His Chief of Police in Massine's Mam'zelle Angot was described in a review
as "a seedy, would-be Scarpia whose constant discomfiture is unerringly
ludicrous". And he splashed indelible colour on to the characters in the
corners of classical ballet scenery too, making vivid individuals of the
addle-headed Master of Ceremonies or Gallison, a butt of blind-man's-buff,
in The Sleeping Beauty.
Holden's standing in the Royal Ballet company, and the regard in which he
was held there, was shown by the 25-minute ovation that ended his retirement
performance as Widow Simone in 1969 - after which he moved to America to a
new marriage and a new teaching career from which, he said, he derived even
more gratification than from performing.
After directing the Dance Academy in the Los Angeles Music Centre, he opened
his own Stanley Holden Dance Centre in Los Angeles, where his students
included not only Hollywood actors and visiting ballet stars but President
Reagan's son Ron.
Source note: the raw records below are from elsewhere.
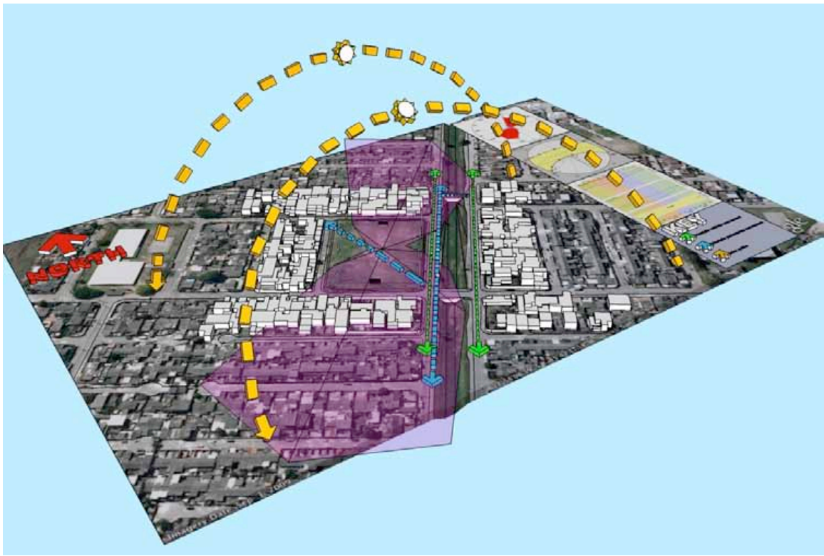
From SketchUp File
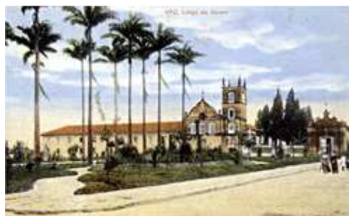
Carmo Church, Itu-SP, Brazil - Century 18 (postcard, 1910)
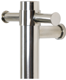
Diamond Polished Stainless Steel
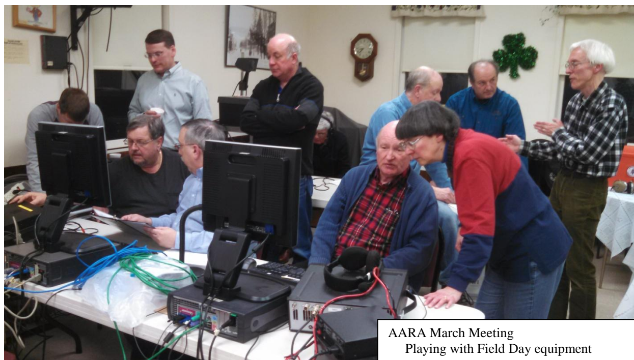
AARA March Meeting Playing with Field Day equipment
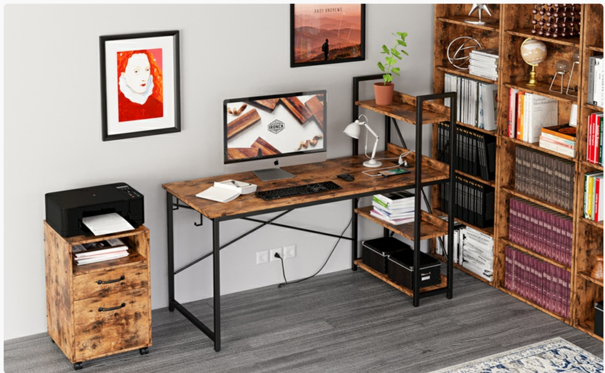
Image: Reversible storage shelves configuration options.

Woody Allen wrote the story for Holden's ballet Dmitri,
created in 1989 for the Los Angeles Chamber Ballet, and Holden occasionally
appeared as Dr Coppelius or the Widow Simone.
After surgery for a heart condition, Holden closed his dance centre in 1997,
but he continued to teach regularly until this spring.
His first marriage, to the Sadler's Wells dancer Stella Farrance, by whom he
had two daughters and a son, was dissolved. He married secondly, in 1970,
the MGM film dancer Judy Holden. His wife and three children survive him.